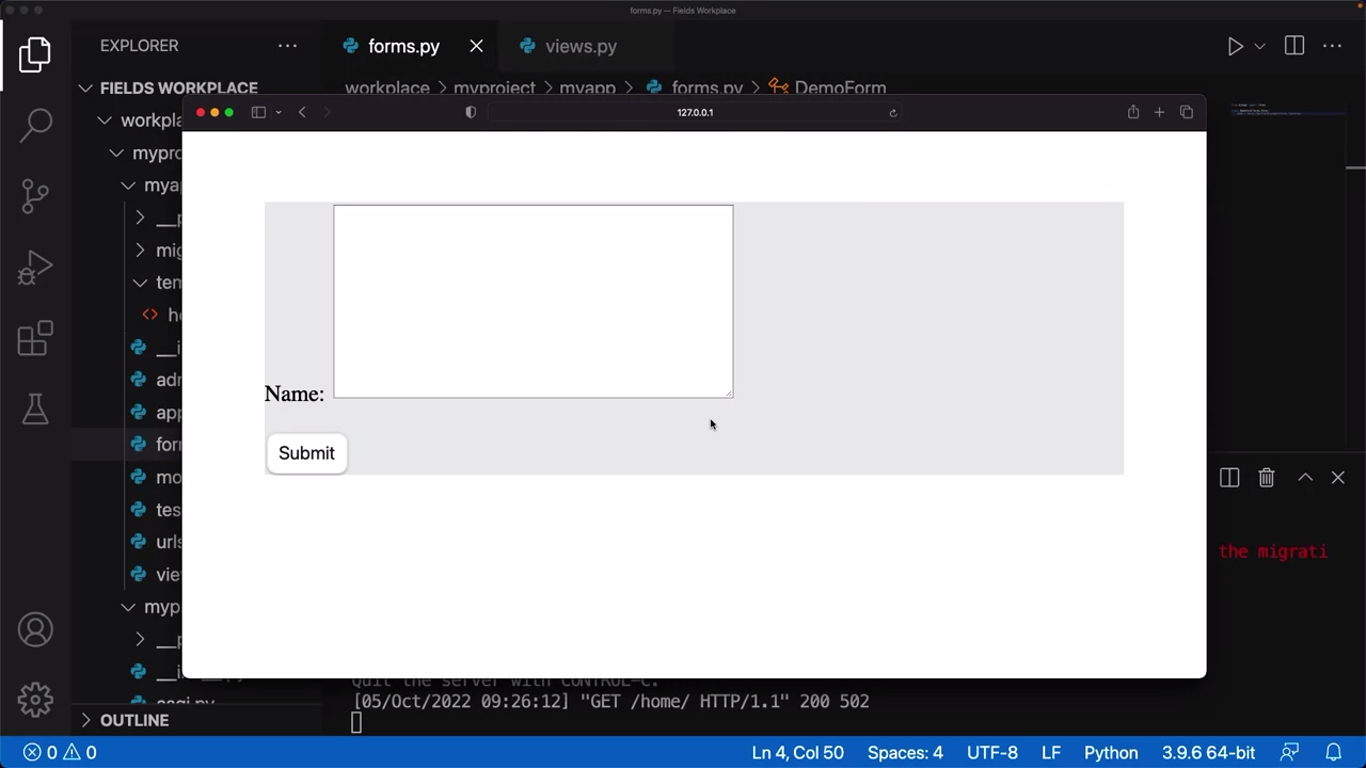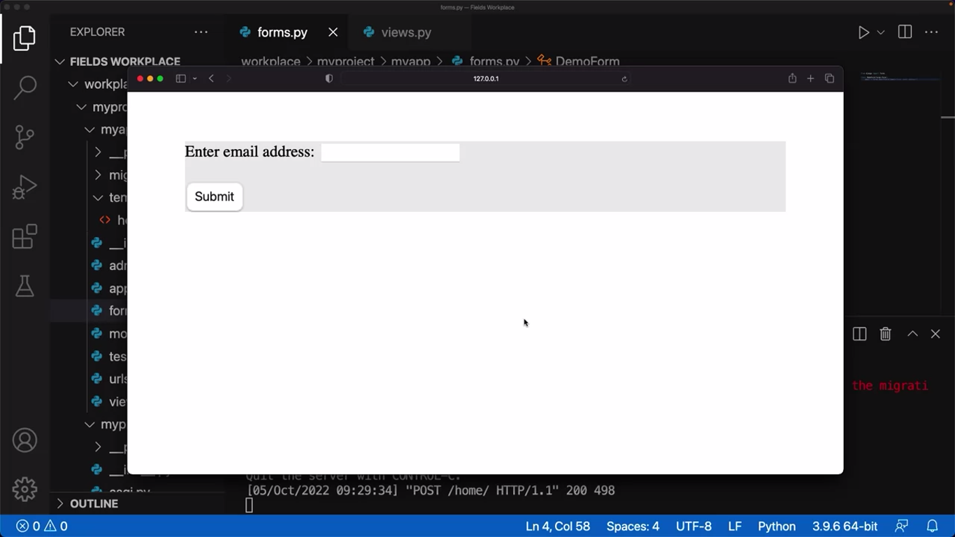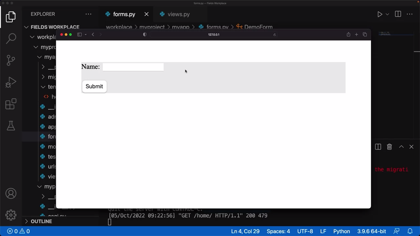 Just as a reminder, notice the code in the forms.py file and how it is used to render a form in the browser.
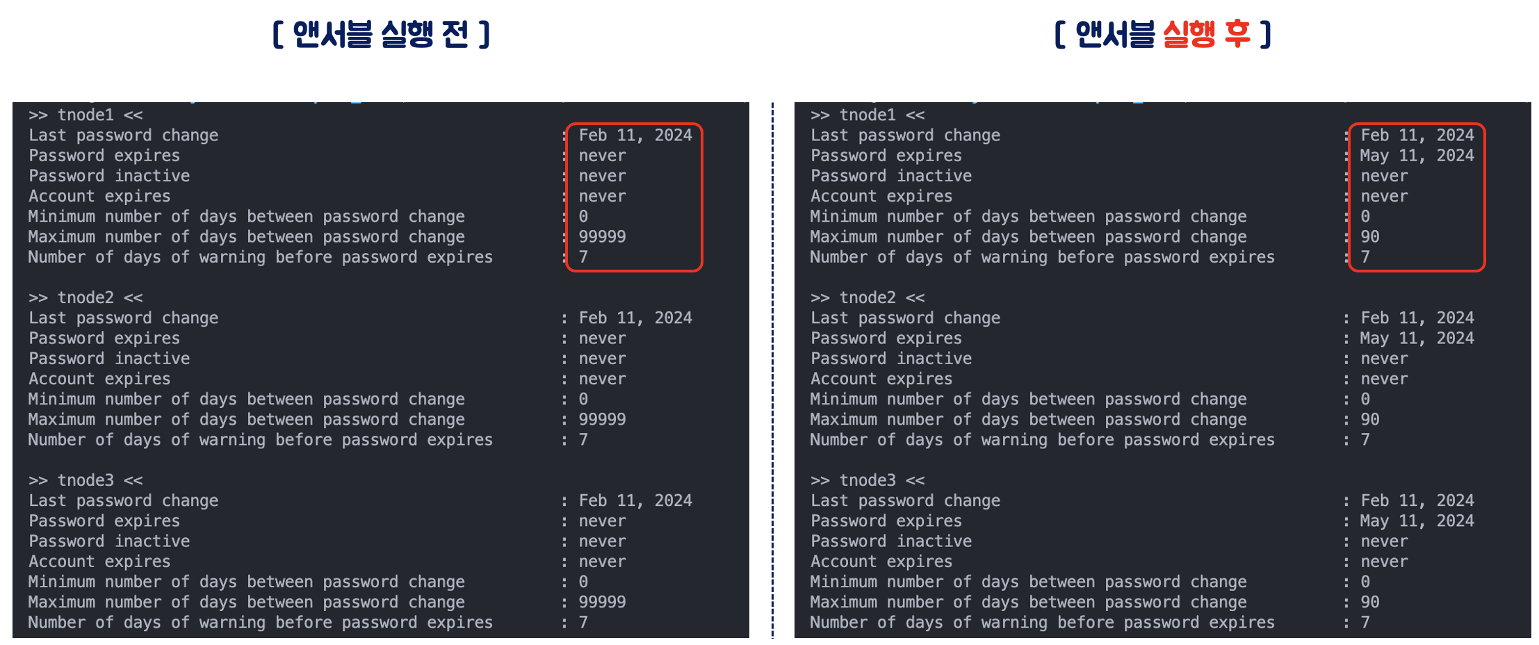 플레이북을 실행하기 전과 후의 비밀번호 변경 주기를 확인하면 변경 주기가 90일로 변경된 것을 알 수 있습니다.
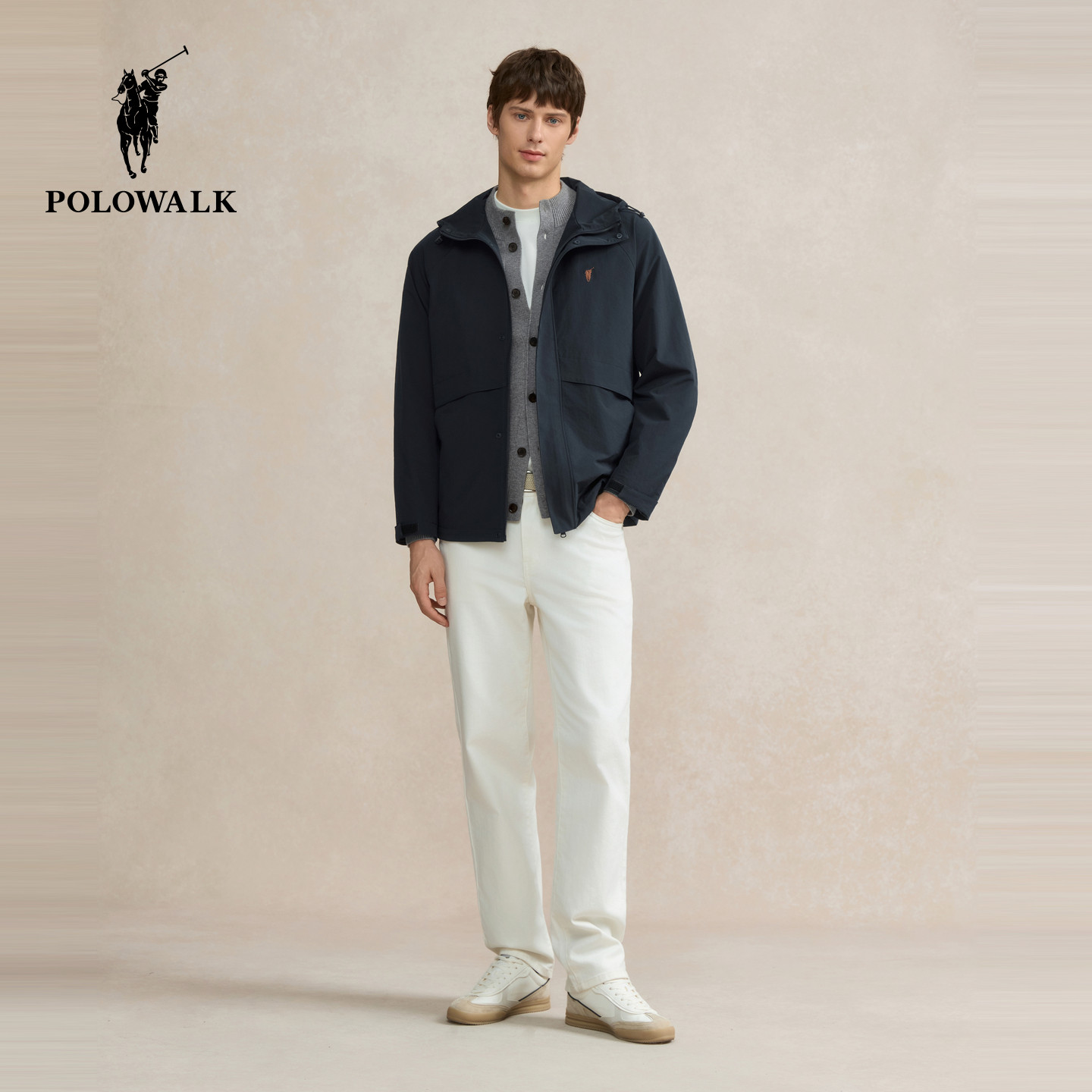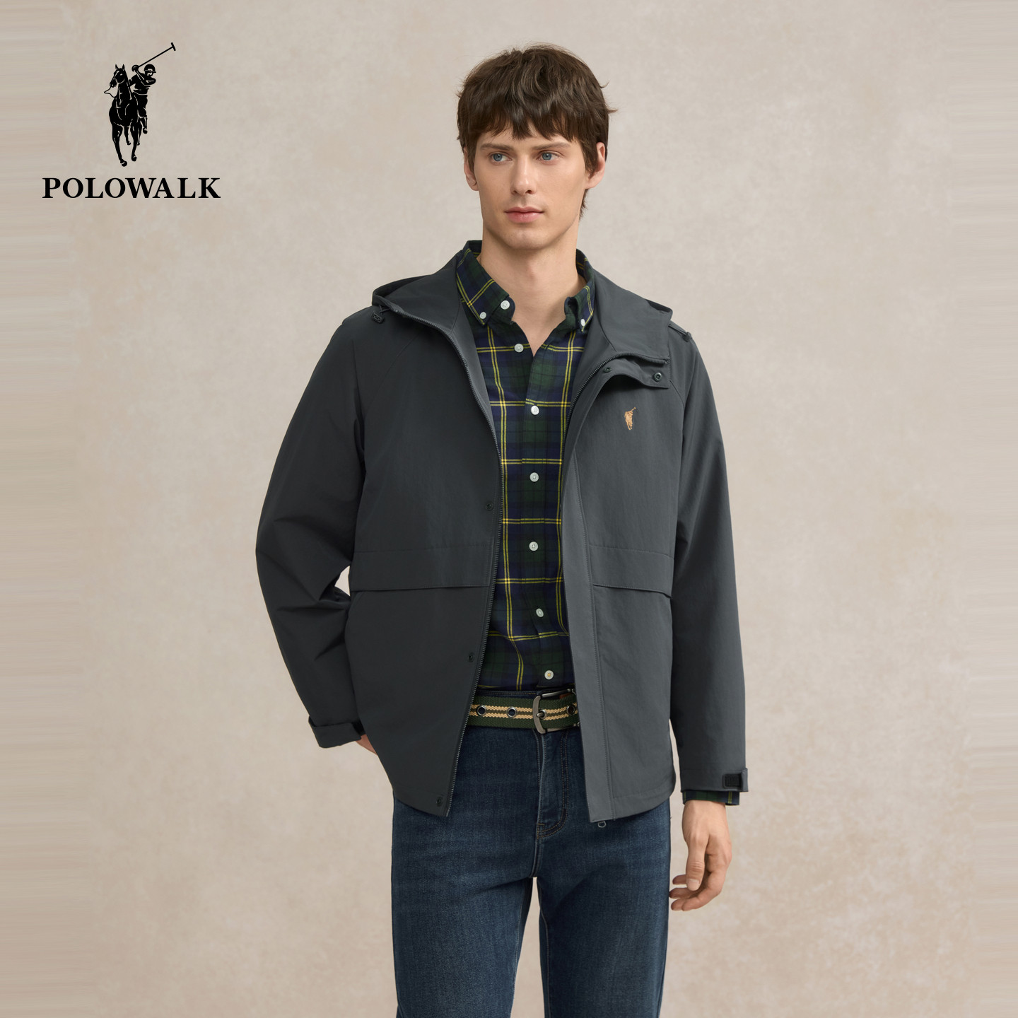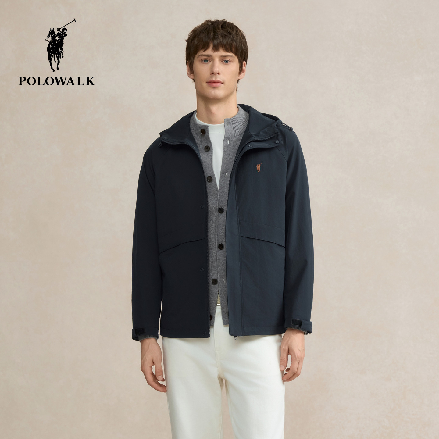POLOWALK男式夹克外套2025秋冬新品简系百搭休闲连帽夹克上衣男

========================================

_Assigned task:_
Copy verbatim the span that begins at the line containing "플레이북을 실행하기 전과" and ends at the last line of the material, inclusive of both; exclude pictures.

_Answer to this exercise:_
 플레이북을 실행하기 전과 후의 비밀번호 변경 주기를 확인하면 변경 주기가 90일로 변경된 것을 알 수 있습니다.
POLOWALK男式夹克外套2025秋冬新品简系百搭休闲连帽夹克上衣男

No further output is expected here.